*** Begin section ***

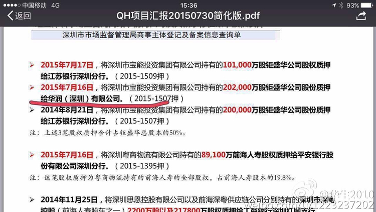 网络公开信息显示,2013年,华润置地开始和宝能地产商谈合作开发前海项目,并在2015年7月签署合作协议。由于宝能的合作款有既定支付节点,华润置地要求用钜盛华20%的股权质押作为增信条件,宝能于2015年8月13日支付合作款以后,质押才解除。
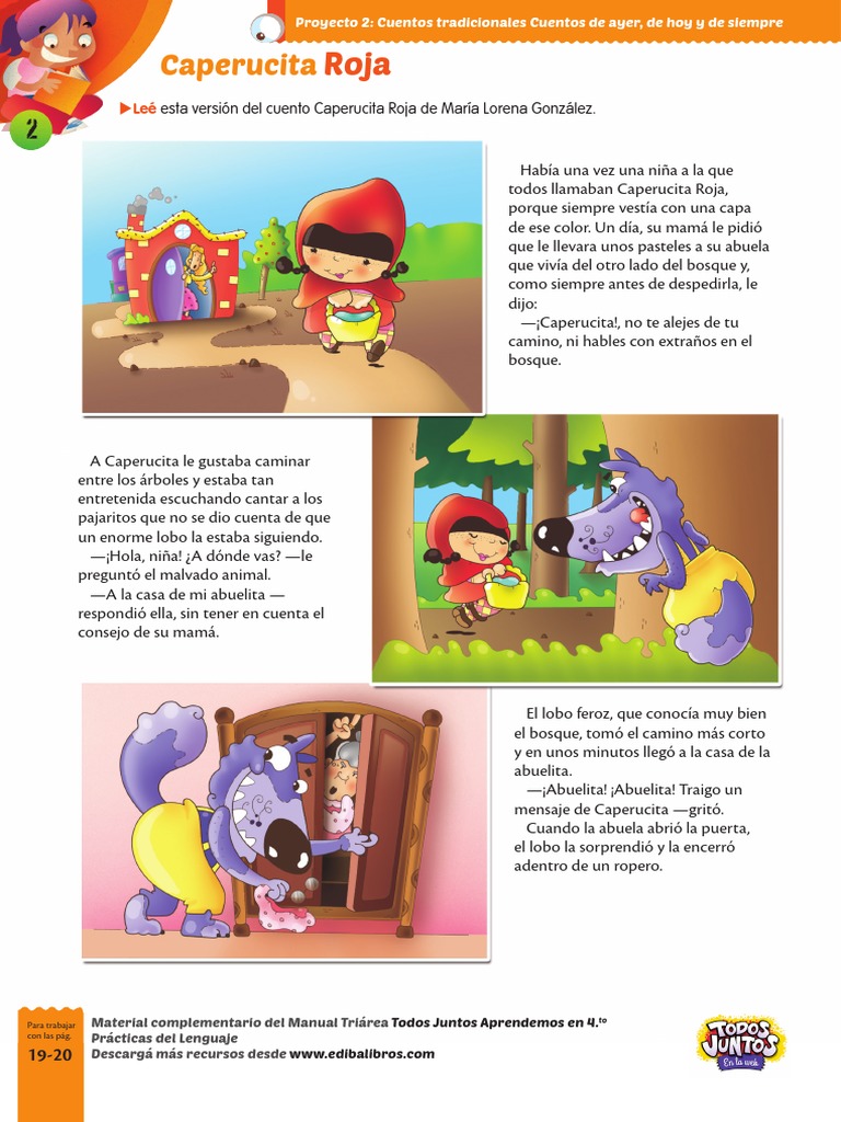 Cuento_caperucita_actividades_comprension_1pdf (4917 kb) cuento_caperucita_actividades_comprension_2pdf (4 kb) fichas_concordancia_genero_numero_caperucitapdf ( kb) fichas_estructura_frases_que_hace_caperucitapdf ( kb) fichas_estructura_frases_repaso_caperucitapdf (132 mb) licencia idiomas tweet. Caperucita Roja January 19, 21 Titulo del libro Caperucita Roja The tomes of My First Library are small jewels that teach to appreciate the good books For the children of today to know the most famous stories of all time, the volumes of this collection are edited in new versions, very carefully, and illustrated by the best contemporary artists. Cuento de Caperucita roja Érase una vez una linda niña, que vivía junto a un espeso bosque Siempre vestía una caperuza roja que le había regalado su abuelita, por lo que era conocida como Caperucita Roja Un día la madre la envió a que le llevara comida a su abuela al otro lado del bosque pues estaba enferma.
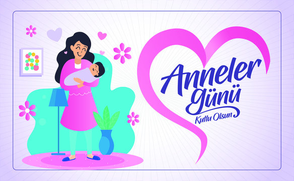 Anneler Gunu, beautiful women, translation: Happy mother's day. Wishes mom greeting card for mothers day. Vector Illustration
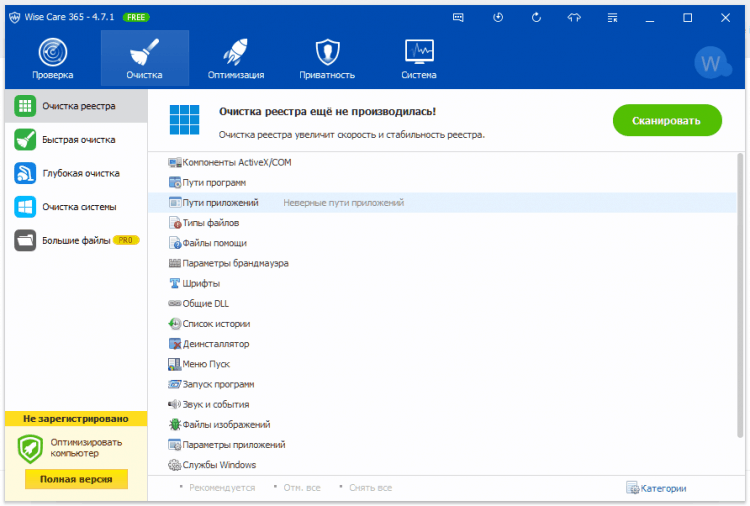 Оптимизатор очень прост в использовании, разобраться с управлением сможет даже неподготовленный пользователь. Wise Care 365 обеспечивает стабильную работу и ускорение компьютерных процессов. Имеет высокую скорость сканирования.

*** End section ***
*** Begin section ***

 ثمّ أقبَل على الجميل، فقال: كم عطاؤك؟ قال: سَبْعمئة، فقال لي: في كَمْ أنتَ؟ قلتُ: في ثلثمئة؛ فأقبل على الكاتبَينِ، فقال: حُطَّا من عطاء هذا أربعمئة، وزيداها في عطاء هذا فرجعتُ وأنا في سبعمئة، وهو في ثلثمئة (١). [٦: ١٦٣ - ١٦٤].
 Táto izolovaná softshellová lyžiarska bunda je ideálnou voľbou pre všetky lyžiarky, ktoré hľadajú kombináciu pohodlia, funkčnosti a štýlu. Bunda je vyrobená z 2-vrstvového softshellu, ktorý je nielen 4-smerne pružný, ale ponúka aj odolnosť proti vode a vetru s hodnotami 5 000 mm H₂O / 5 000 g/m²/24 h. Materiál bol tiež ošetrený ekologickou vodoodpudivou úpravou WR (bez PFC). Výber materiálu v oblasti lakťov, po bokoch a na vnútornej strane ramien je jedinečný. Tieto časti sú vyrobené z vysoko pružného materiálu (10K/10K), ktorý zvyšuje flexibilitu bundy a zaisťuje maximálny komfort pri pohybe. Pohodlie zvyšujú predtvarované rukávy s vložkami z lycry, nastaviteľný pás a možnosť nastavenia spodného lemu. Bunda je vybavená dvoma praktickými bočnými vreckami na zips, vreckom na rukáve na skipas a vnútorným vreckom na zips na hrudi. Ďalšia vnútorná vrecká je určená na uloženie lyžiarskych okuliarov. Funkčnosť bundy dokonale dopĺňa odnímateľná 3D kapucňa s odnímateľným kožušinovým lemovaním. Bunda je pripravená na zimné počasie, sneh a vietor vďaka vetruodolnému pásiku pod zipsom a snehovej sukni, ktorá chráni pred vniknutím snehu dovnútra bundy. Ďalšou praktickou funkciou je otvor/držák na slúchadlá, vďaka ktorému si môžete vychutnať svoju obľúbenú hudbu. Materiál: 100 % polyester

*** End section ***
*** Begin section ***

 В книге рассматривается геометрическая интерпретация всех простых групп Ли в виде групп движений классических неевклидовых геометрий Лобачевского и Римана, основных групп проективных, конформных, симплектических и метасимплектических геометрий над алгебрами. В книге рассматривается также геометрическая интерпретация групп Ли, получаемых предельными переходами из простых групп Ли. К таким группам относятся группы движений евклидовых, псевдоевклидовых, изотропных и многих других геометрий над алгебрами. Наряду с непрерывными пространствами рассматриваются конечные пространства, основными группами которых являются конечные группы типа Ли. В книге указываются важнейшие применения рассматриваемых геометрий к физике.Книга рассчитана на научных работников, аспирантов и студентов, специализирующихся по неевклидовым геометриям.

*** End section ***

Task item:
Everything from the line with "Cuento_caperucita_actividades_comprension_1pdf (4917 kb)" through the line with "Оптимизатор очень прост" in the material above should be transcribed exactly, except the pictures.

Result:
 Cuento_caperucita_actividades_comprension_1pdf (4917 kb) cuento_caperucita_actividades_comprension_2pdf (4 kb) fichas_concordancia_genero_numero_caperucitapdf ( kb) fichas_estructura_frases_que_hace_caperucitapdf ( kb) fichas_estructura_frases_repaso_caperucitapdf (132 mb) licencia idiomas tweet. Caperucita Roja January 19, 21 Titulo del libro Caperucita Roja The tomes of My First Library are small jewels that teach to appreciate the good books For the children of today to know the most famous stories of all time, the volumes of this collection are edited in new versions, very carefully, and illustrated by the best contemporary artists. Cuento de Caperucita roja Érase una vez una linda niña, que vivía junto a un espeso bosque Siempre vestía una caperuza roja que le había regalado su abuelita, por lo que era conocida como Caperucita Roja Un día la madre la envió a que le llevara comida a su abuela al otro lado del bosque pues estaba enferma.
 Anneler Gunu, beautiful women, translation: Happy mother's day. Wishes mom greeting card for mothers day. Vector Illustration
 Оптимизатор очень прост в использовании, разобраться с управлением сможет даже неподготовленный пользователь. Wise Care 365 обеспечивает стабильную работу и ускорение компьютерных процессов. Имеет высокую скорость сканирования.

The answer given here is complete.